- _PROVIDED MATERIAL_:
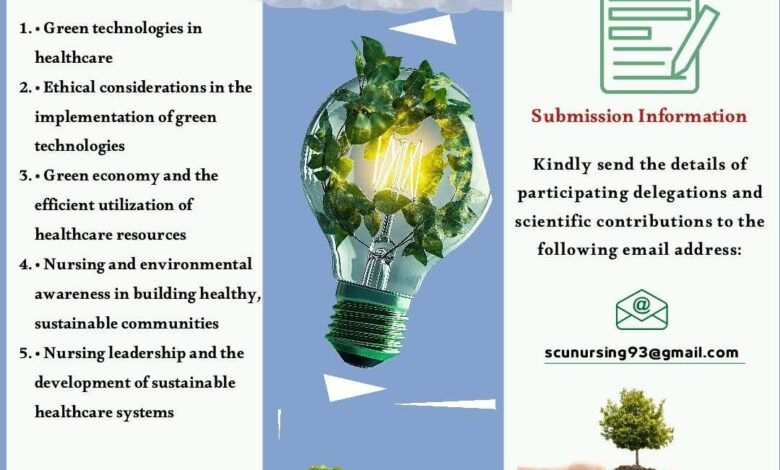 كما يناقش دور التمريض في التوعية البيئية وبناء مجتمعات خضراء، وأهمية القيادة التمريضية في دعم نظم الرعاية الصحية المستدامة، بما يعكس التوجه العالمي نحو دمج مفاهيم الاستدامة البيئية داخل المنظومات الصحية والتعليمية.ودعت إدارة المؤتمر الوفود والباحثين والطلاب الراغبين في المشاركة إلى إرسال بياناتهم ومساهماتهم العلمية عبر البريد الإلكتروني الرسمي للمؤتمر، في إطار توسيع قاعدة المشاركة العلمية وتبادل الخبرات بما يسهم في دعم البحث العلمي الطلابي وتعزيز دوره في تطوير قطاع الرعاية الصحية المستدامة.
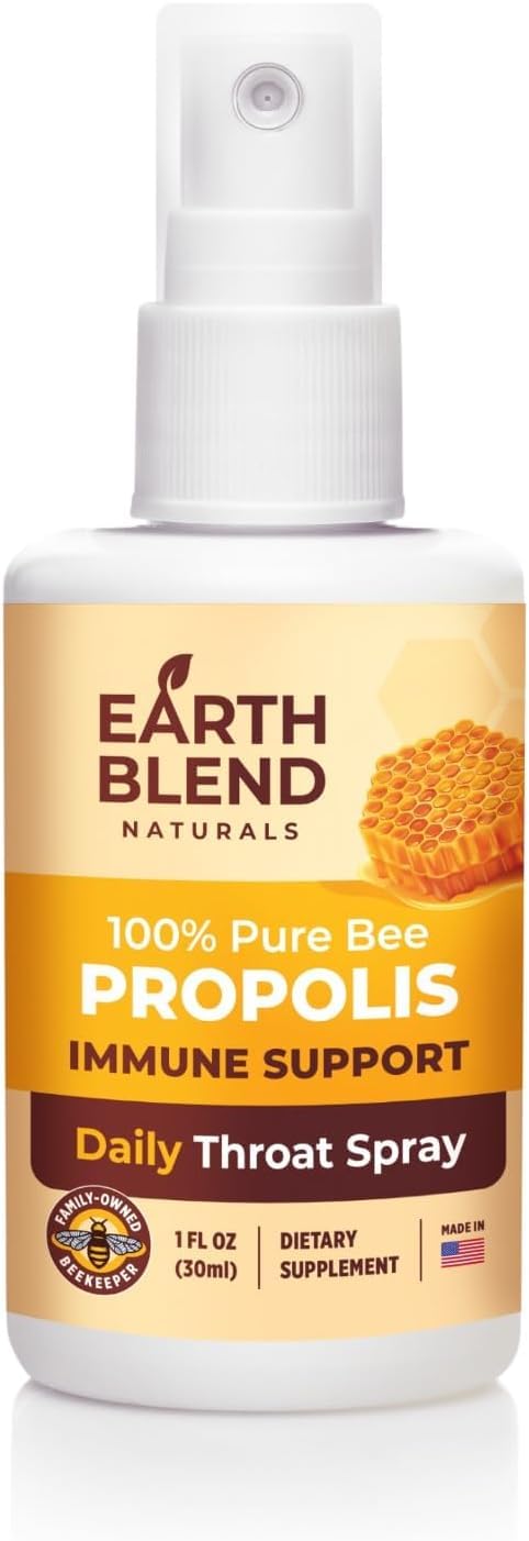 Premium Quality, Made in USA Family-Owned: Crafted with care in the USA adhering to rigorous standards and sourced from a family-owned beekeeping operation, this throat spray ensures premium quality and traceability, making it a trusted choice for natural wellness. A product you can feel good about using!. Travel-Friendly and Convenient: This compact, easy-to-use spray is perfect for on-the-go use, whether you're traveling or commuting. Its natural formula ensures that you're always ready to tackle throat discomfort, wherever you are. Gluten-Free, Natural Throat Comfort: Crafted with pure, gluten-free ingredients, this throat spray is safe for those with dietary restrictions. The natural honey flavor makes it a pleasant alternative to cough drops, providing soothing comfort without artificial additives. Ideal for adults and kids alike!. Anti-Snoring Spray for Restful Nights: Struggling with snoring? This propolis throat spray soothes throat tissues, reducing snoring caused by dryness or irritation. Its natural ingredients promote smoother breathing, helping you and your loved ones enjoy quieter, more restful sleep. A must-have for anyone seeking a natural snoring solution. Immune Support Supplement Year-Round: Boost your immune system with earthblend Naturals' propolis-rich formula. Packed with antioxidants and natural compounds, this spray supports your body's defenses while eg sore throats and coughs. A daily dose of wellness for the whole family.
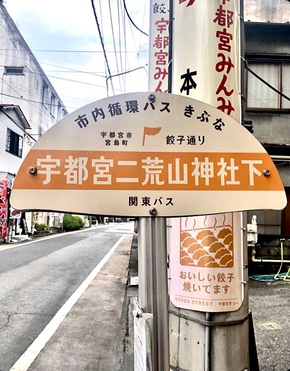 餃子通りバス停が餃子の形!?餃子通りでは至るところに餃子が焼きたて餃子の匂いに食欲もそそられます暑い夏は餃子でスタミナをつけましょう

- _EXERCISE PROMPT_:
Leave out the pictures and set down all of the data exactly.

- _YOUR SOLUTION_:
 كما يناقش دور التمريض في التوعية البيئية وبناء مجتمعات خضراء، وأهمية القيادة التمريضية في دعم نظم الرعاية الصحية المستدامة، بما يعكس التوجه العالمي نحو دمج مفاهيم الاستدامة البيئية داخل المنظومات الصحية والتعليمية.ودعت إدارة المؤتمر الوفود والباحثين والطلاب الراغبين في المشاركة إلى إرسال بياناتهم ومساهماتهم العلمية عبر البريد الإلكتروني الرسمي للمؤتمر، في إطار توسيع قاعدة المشاركة العلمية وتبادل الخبرات بما يسهم في دعم البحث العلمي الطلابي وتعزيز دوره في تطوير قطاع الرعاية الصحية المستدامة.
 Premium Quality, Made in USA Family-Owned: Crafted with care in the USA adhering to rigorous standards and sourced from a family-owned beekeeping operation, this throat spray ensures premium quality and traceability, making it a trusted choice for natural wellness. A product you can feel good about using!. Travel-Friendly and Convenient: This compact, easy-to-use spray is perfect for on-the-go use, whether you're traveling or commuting. Its natural formula ensures that you're always ready to tackle throat discomfort, wherever you are. Gluten-Free, Natural Throat Comfort: Crafted with pure, gluten-free ingredients, this throat spray is safe for those with dietary restrictions. The natural honey flavor makes it a pleasant alternative to cough drops, providing soothing comfort without artificial additives. Ideal for adults and kids alike!. Anti-Snoring Spray for Restful Nights: Struggling with snoring? This propolis throat spray soothes throat tissues, reducing snoring caused by dryness or irritation. Its natural ingredients promote smoother breathing, helping you and your loved ones enjoy quieter, more restful sleep. A must-have for anyone seeking a natural snoring solution. Immune Support Supplement Year-Round: Boost your immune system with earthblend Naturals' propolis-rich formula. Packed with antioxidants and natural compounds, this spray supports your body's defenses while eg sore throats and coughs. A daily dose of wellness for the whole family.
 餃子通りバス停が餃子の形!?餃子通りでは至るところに餃子が焼きたて餃子の匂いに食欲もそそられます暑い夏は餃子でスタミナをつけましょう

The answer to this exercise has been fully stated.